Create WebRTC session

WebRTC is a Web-based real-time communication solution that supports the construction of audio and video channels through the browser's built-in API.

In short, first negotiate each other's media and communication parameters in the signaling channel, and then transmit audio and video media data through the media channel.

The three main objects used in JavaScript are:

  • MediaStream gets and renders audio and video streams
  • RTCPeerConnection supports audio and video media data communication
  • RTCDataChannel supports application level data communication

For the media transport layer, WebRTC specifies that ICE/STUN/TURN is used to connect, DTLS is used to negotiate SRTP key, SRTP is used to transmit media data, and

SCTP to transmit application data.

In the signaling layer, WebRTC does not specify that each application can use its favorite signaling protocol for media negotiation. Generally, SDP is used to negotiate through HTTP, WebSocket or SIP

The protocol carries specific media session descriptions.
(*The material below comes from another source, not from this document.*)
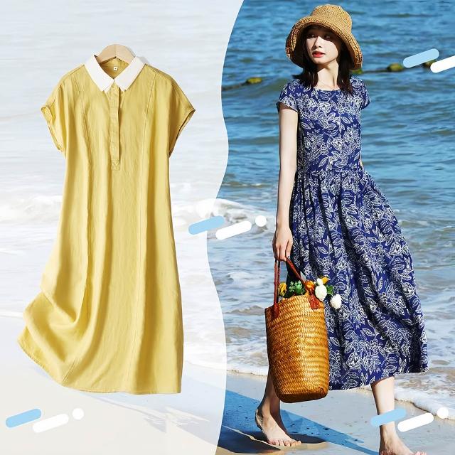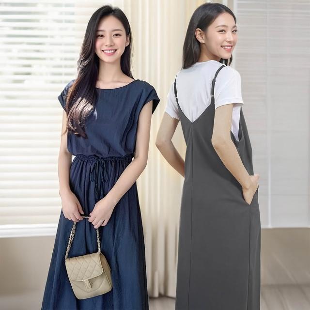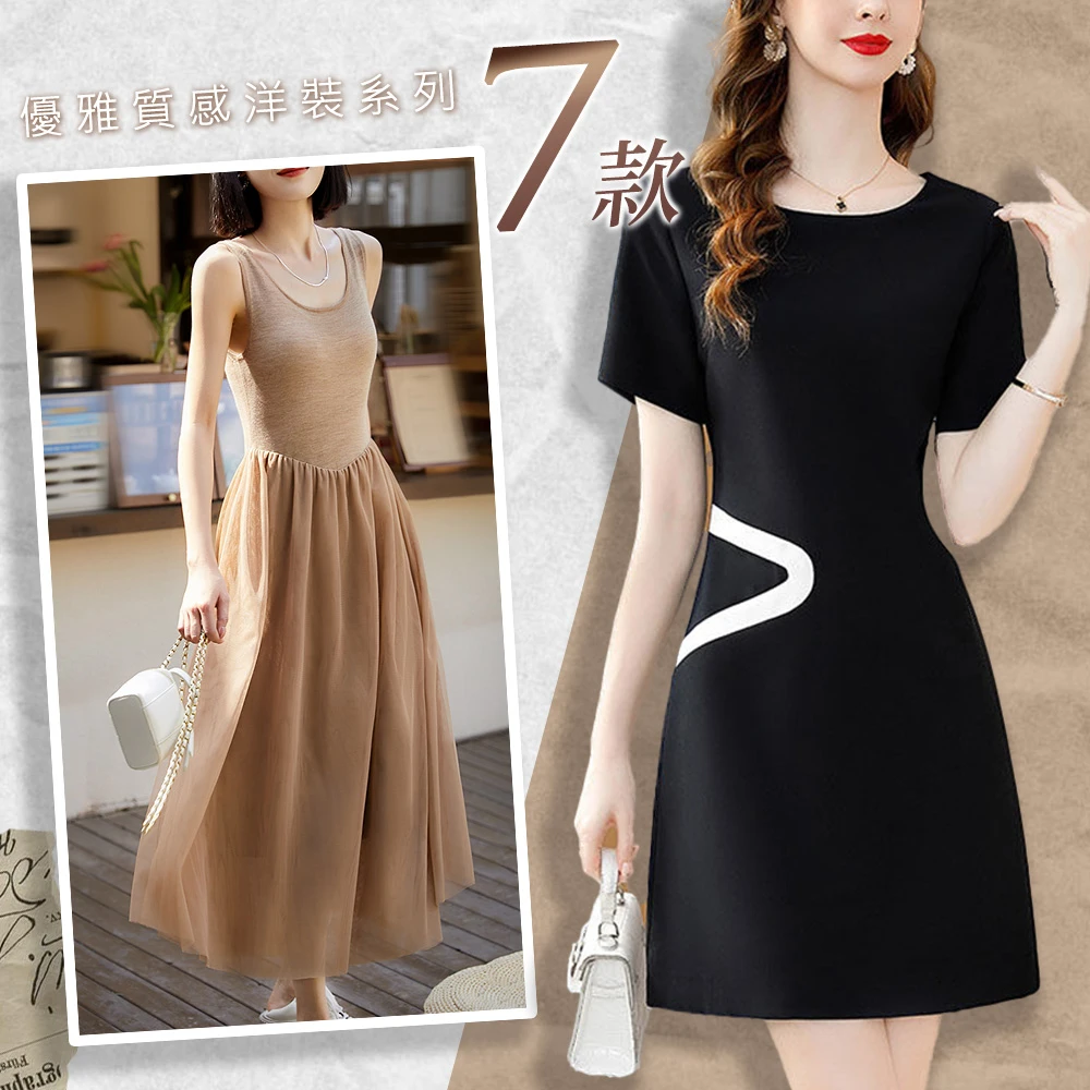 預購 MsMore 小香風時尚氣質簡約圓領連身裙短袖小個子顯瘦別致中長版洋裝#120681(7款任選)

If we want to have video chat, the basic call process is roughly as follows:

WebRTC flow

  1. Collect local media sources (microphones, cameras) as MediaStream media streams
  2. Two opposite ends create signaling channels with each other and exchange session description information SDP
  3. Exchange each other's session description information SDP through signaling
  4. Through ICE/STUN/TURN protocol, negotiate a connectable candidate pair to create PeerConnection
  5. After the PeerConnection is created, the audio and video data is encapsulated through SRTP for transmission

In short, both sides of communication need to know two pieces of information

  1. ICE Candidates: includes address information that can be used for communication
  2. Session Description: including media type, code, format, etc.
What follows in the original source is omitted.